Sunday, November 17, 2013

Tips for Spotting a Used Car Lemon

Used cars are occasionally an extraordinarily good deal, but as many used car dealerships as are out there today selling cars that are nothing but lemons, you’d think they’d be in the lemonade stand business instead of selling cars. While only a relatively small number of cars really fall under United States lemon laws when compared to the number of vehicles sold every day, the fact is that unless you’re dealing with a dealership you trust, and have had good experiences with in the past, you really do need to be careful. Some dealerships are out there for nothing more than to separate you from your cash. Besides, the actual lemon laws in place in all fifty states don’t protect buyers of used vehicles. Those are, for the most part, only for new cars. Just six states have so far enacted laws that protect consumers from used-car lemons, and for the most part, consumers still have a tough time proving their case if they have bought a car that is more trouble than it is worth.

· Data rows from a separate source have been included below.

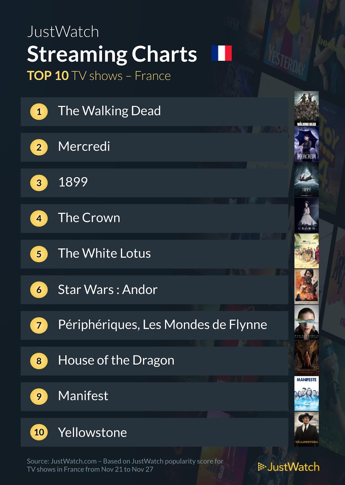 Le site partenaire JustWatch a répertorié les contenus les plus regardés en France sur les différentes plateformes de streaming (Netflix, myCANAL, Prime Video...) du 21 au 27 novembre.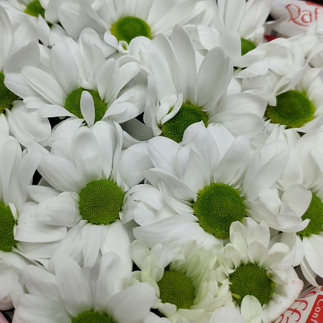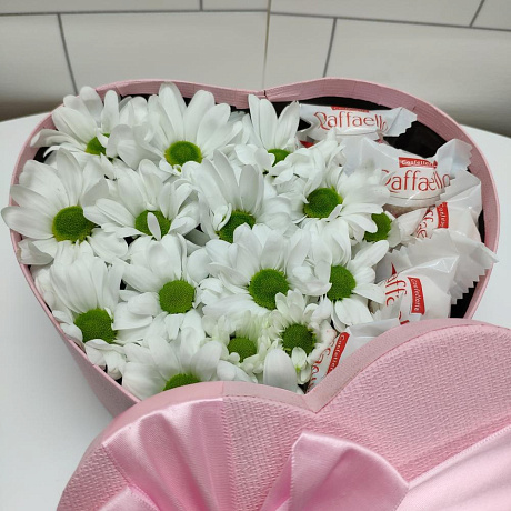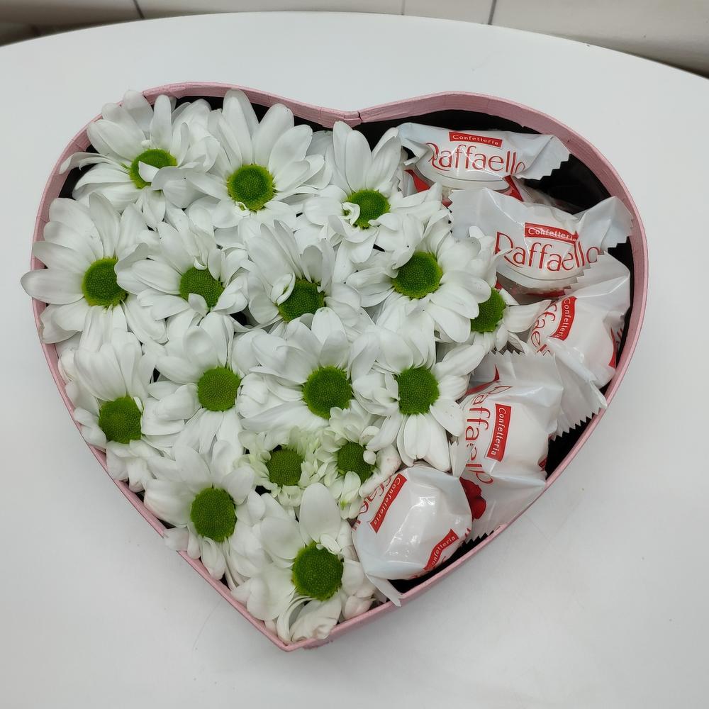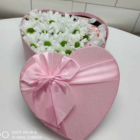 На фото - Цветы в коробке сердце 3. В составе данной композиции: Хризантема кустовая - 25 шт.; Раффаэлло - 5 шт.; Коробка шляпная - 1 шт.; Губка флористическая - 1 шт..
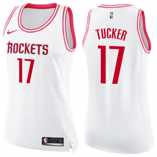 Women's Nike Houston Rockets #17 PJ Tucker White Pink NBA Swingman Fashion Jersey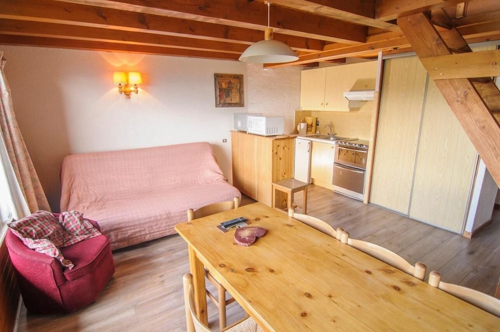 Rafraîchissement à prévoir pour la cuisine et la salle de bain qui restent elles aussi fonctionnelles. Très Belle vue côté montagne et accès aux pistes assez proche et facile. Grandes places de Parking disponibles.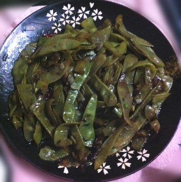 2.锅入较多油,油热后下扁豆不断煸炒,其间不能加水。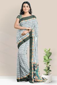 Soft Jute silk And Zari weaving Border Half White With Black Saree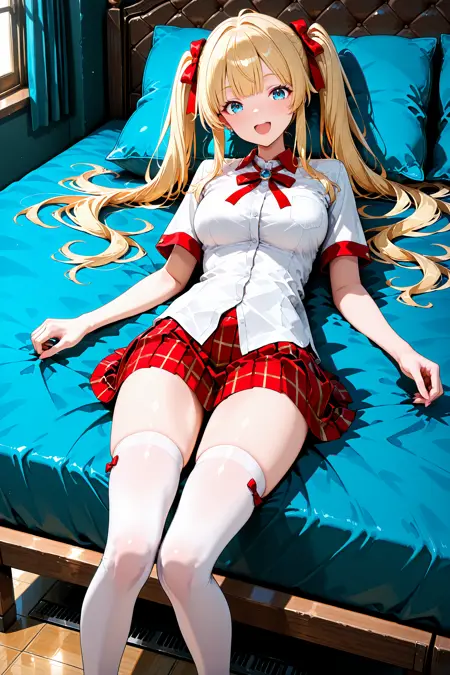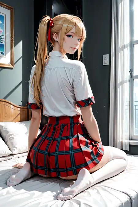 如果你想更一致地呈现服装和发型,建议在提示中加入“金发、红裙、格子裙、白色过膝袜、短袖”。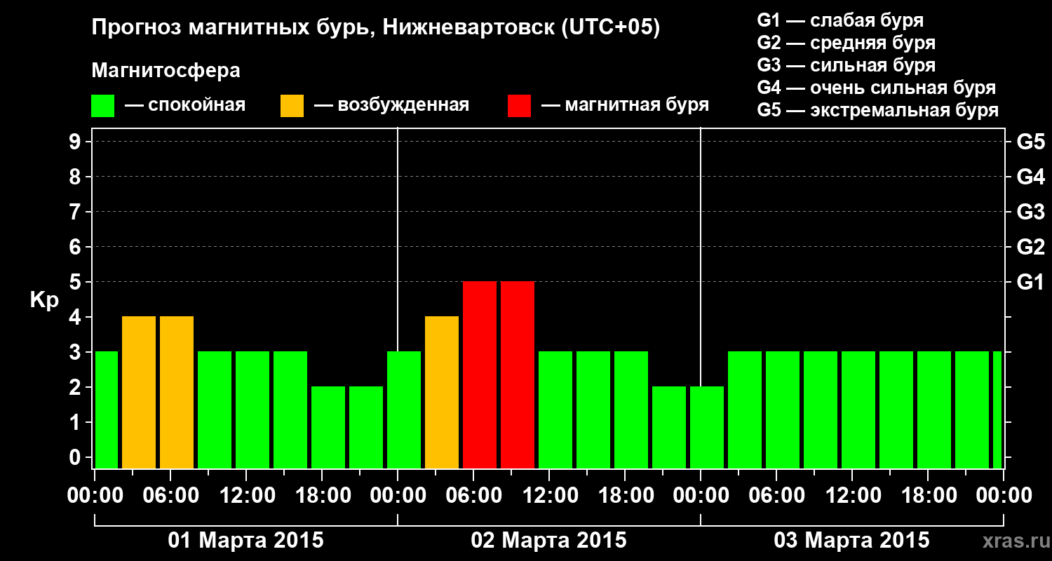 Прогноз магнитных бурь в Нижневартовске на 1 марта 2015 года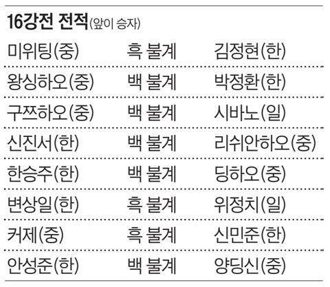 LG배 본선에 처음 오른 한국 12위 한승주(27)는 디펜딩 챔프 딩하오(23)를 백 불계로 제쳐 기염을 토했다. 전기 챔프는 이듬해 조기 탈락한다는 LG배 징크스가 올해도 계속됐다. 이 밖에 안성준(32)과 변상일(26)도 양딩신과 위정치를 누르고 8강에 상륙했다.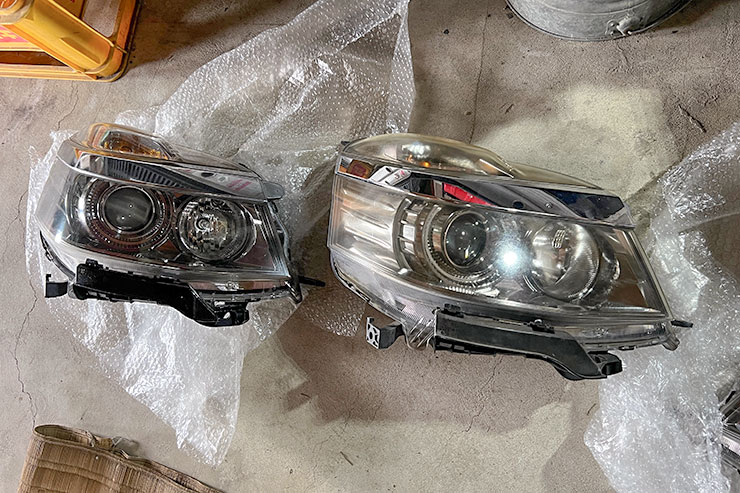 そこで塗り替え用に中古のヘッドライトを買って、空き時間に下処理して塗っておいてから今着いているヘッドライトと交換すれば時間的に余裕だなと思いヤフオクで探していたのです。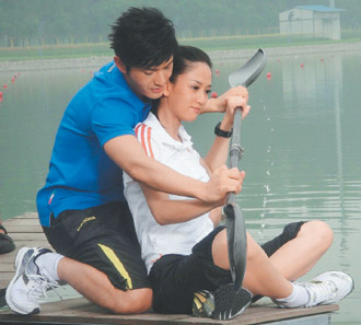 據悉,29日拍攝的陳喬恩和黃曉明的吻戲,是發生在搖晃的劃艇上,兩人不小心親到又分開,但黃曉明隨即補上深情之吻。雖然戲外他們不熟,導演梁柏堅卻認為,這樣正適合拍他們開始交往的感覺。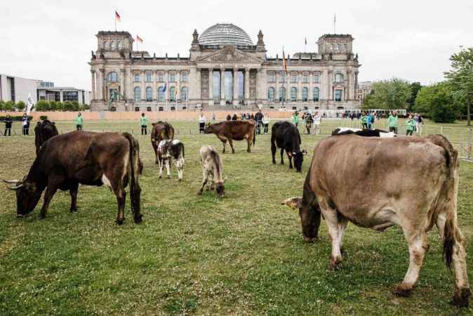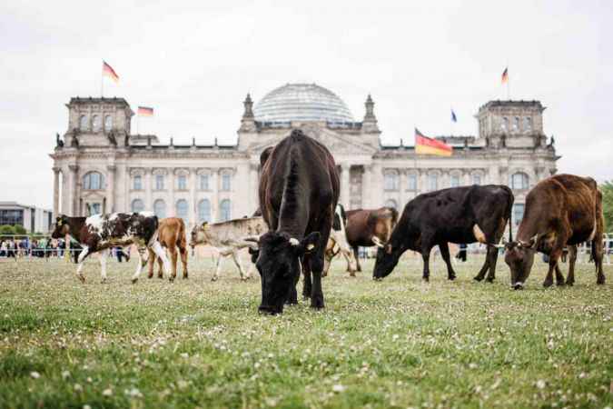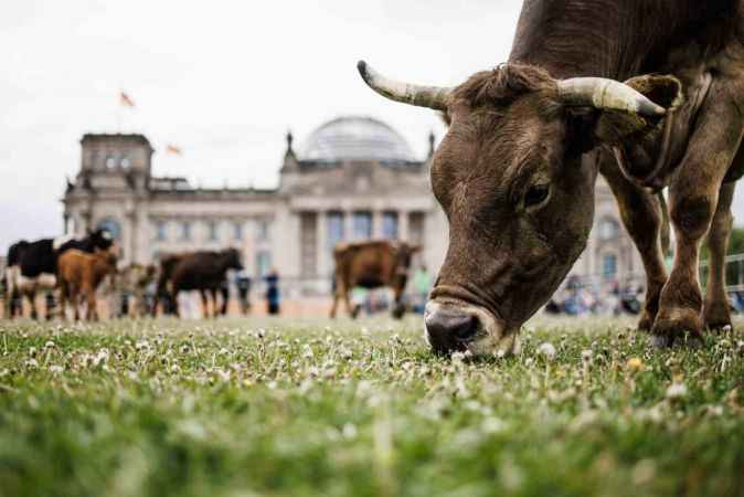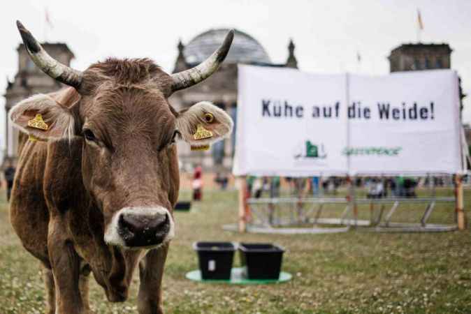 Almanya’nın başkenti Berlin, bugün alışılmadık bir eyleme sahne oldu. Greenpeace ve Kırsal Tarım Çalışma Grubu (ABL), Federal Meclis Binası Reichstag önüne 11 ineği bırakarak ineklerin doğal yaşam alanlarından koparılarak ahırlarda tutulmasını protesto etti. İneklerin habitatlarına uygun yetişmesini isteyen eylemciler, inekleri Reichstag önünde bir müddet otlattı.Greenpeace Sözcüsü Lasse van Aken yaptığı açıklamada, Reichstag önündeki 11 sığırın, milyonlarca türdeşini temsil ettiğini ve bu eylemle ineklerin otlaklara ait olduğunu göstermek istediklerini söyledi.Eylemdeki ineklerin Uckermark’taki organik bir çiftlikten getirildiğini aktaran Aken, ineklerin yer değişikliği konusunda çok meraklı olduklarını ve Reichstag önünde oldukça mutlu göründüklerini ifade etti.Hayvanlar habitatına uygun yetişsinTüm hayvanların sadece yüzde 31’inin meraya erişiminin olduğunu iddia eden eylemciler, Federal Tarım Bakanı Cem Özdemir’in otlatmayı daha çok teşvik etmesini talep ederken, çiftçilerin süt piyasasında daha adil fiyatlar elde etme fırsatına sahip olması istediklerini dile getirdi.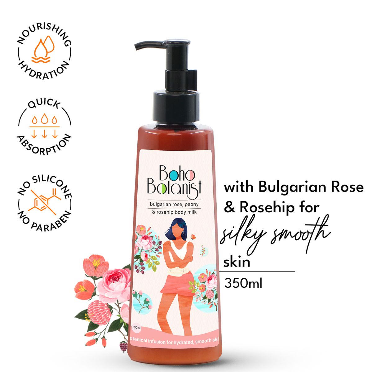 Indulge in premium body care with the Bulgarian Rose, Peony & Rosehip Body Milk, a lightweight yet deeply nourishing formula crafted with 8 botanical oils and plant-based extracts.

To spot a lemon while you’re still on the car lot, the first thing you have to do is take a good look around. What do you see? Car lots that are branded, which means that they carry the name of the manufacturer of the vehicles they sell, usually get their used car stock from trade-ins, and to a lesser extent, auctions. The buyers who purchase the cars from auction are typically very good at what they do - former mechanics who don’t buy vehicles that they can’t re-sell. That means they only buy lower-mileage cars that have all the hallmarks of a well-cared-for vehicle. This makes sense since they can ask more for those cars and trucks, and make more money on it. On the other hand, if you’re at a buy-here-pay-here car lot where you see a lot of high-mileage cars, even if they’re luxury cars, your chances of buying a car with a major problem skyrocket. 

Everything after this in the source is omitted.